Today Hadoop COO Kirk Dunn and NetApp Senior Director of Data Center Solutions Jeff O’Neal appeared on our show theCube live at HadoopWorld, followed by Hadoop CTO Amr Awadallah. The execs talked about Hadoop washing, Cloudera unique differentiators, how Hadoop is different from Linux, the Cloudera’s new partnership with NetApp and more.
Dunn provided an excellent litmus test for whether technology was truly disruptive. If a technology is disruptive, he said, you won’t able to hire people who know how to work with it. You’ll have to create and train those skill sets in-house.
SiliconAngle founder and theCube co-host John Furrier asked whether he was starting to see companies doing “Hadoop washing,” similar to cloud washing and open washing.
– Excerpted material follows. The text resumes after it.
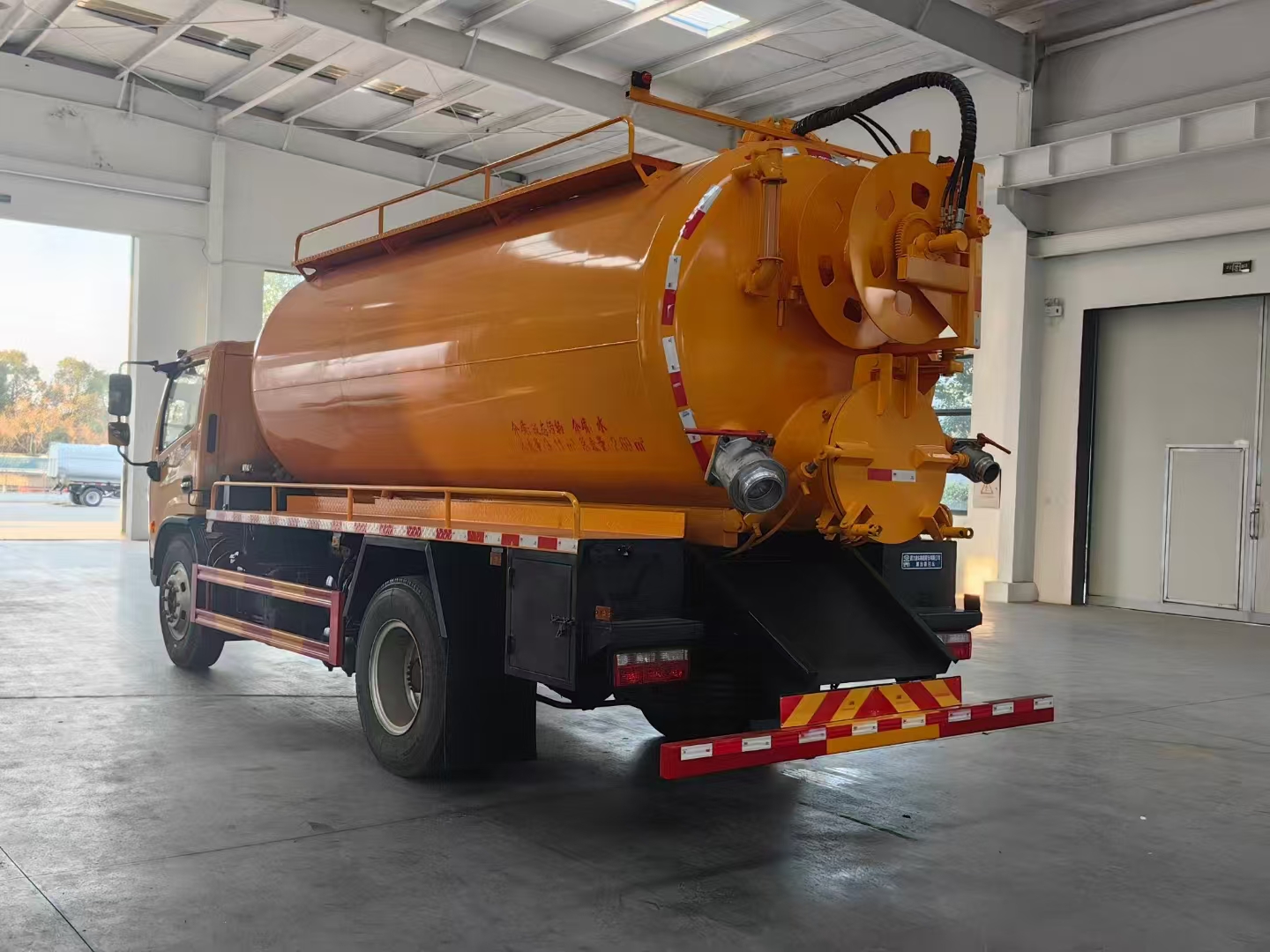 上裝配置 吸污罐容積約9立方,清水箱約4立方,污水罐6mm制作,清水罐和污水罐安裝互通。清水罐一個量水管,水箱最低點一個DN65球閥,帶消防接頭,品孚255流量高壓泵,帶60米19號高壓管,卷盤液壓旋轉(zhuǎn)180度,液壓收放管. 污水罐:SK-15水循環(huán)泵,水循環(huán)泵水箱為碳鋼材質(zhì),頂部防溢閥位置盡量最低,后蓋600液壓打開,100球閥直通罐頂吸污尾部一個150的排污球閥,吸污壓力表裝在水箱附近,罐體尾部兩側(cè)工具箱,手動油門,1根8米吸污管帶陰陽端接口,一個水雷槍頭,其他廠內(nèi)標(biāo)配…

Dunn said that he’s seeing a little of it, and mostly what you should watch out for the types of workloads that companies are using Hadoop for. Hadoop really isn’t good for relational data applications, Dunn points out, so there’s no reason to use as a stand in for those solutions. He said that the sorts of applications that Hadoop is good for, like recommendation engines, are becoming more mainstream and as that happens you’ll actually see less Hadoop-washing. Wikibon founder and theCube co-host Dave Vellante said he thinks that Hadoop washing will be rather difficult, but to watch out for big data washing instead.
O’Neal talked about NetApp’s partnership with Cloudera to create a new solution called NetApp Open Solution for Hadoop, which provides Cloudera Enterprise running on NetApp’s OnTap. O’Neal clarified that OnTap isn’t being open sourced, but the Open Solution for Hadoop is running the open source Hadoop core. Dunn said the solution is great for workloads that are both storage intensive and compute intensive.
John asked Awadallah to talk about how he feels about, rather than thinks about, the state of the big data market. Awadallah said he’s very emotional about it right now because of the new $40 million round of funding that just closed.
John then asked Awadallah to compare and contrast Hadoop with Linux, noting that many call Cloudera the Red Hat of the Hadoop world. Awadallah explained that Hadoop is similar to Linux in that it provides a file system and a platform for running applications. But while Linux is designed to run on a single machine, Hadoop is designed to run on clusters. Awadallah said the similarities between Cloudera’s business model and Red Hat’s end at open source. Awadallah said the big difference is that Red Hat creates its own Linux distribution while Cloudera uses the core Apache Hadoop code and contributes back to the Apache Hadoop. To provide differentiation, it builds its own proprietary tools, but it doesn’t make changes to the core Hadoop project. If I understand his position, he means that Red Hat created a new Linux distribution instead of using and contributing to an existing Linux distro and then adding its own tools on top of it.
Awadallah does emphasize that like Red Hat, Cloudera’s core business is in services. “I could give you an airplane,” he said. “But you’d still need people to support it.” Taking the metaphor further, he explained that you could hire your own mechanics to work on the plane, but what Cloudera does is offer the services of its very experienced mechanics.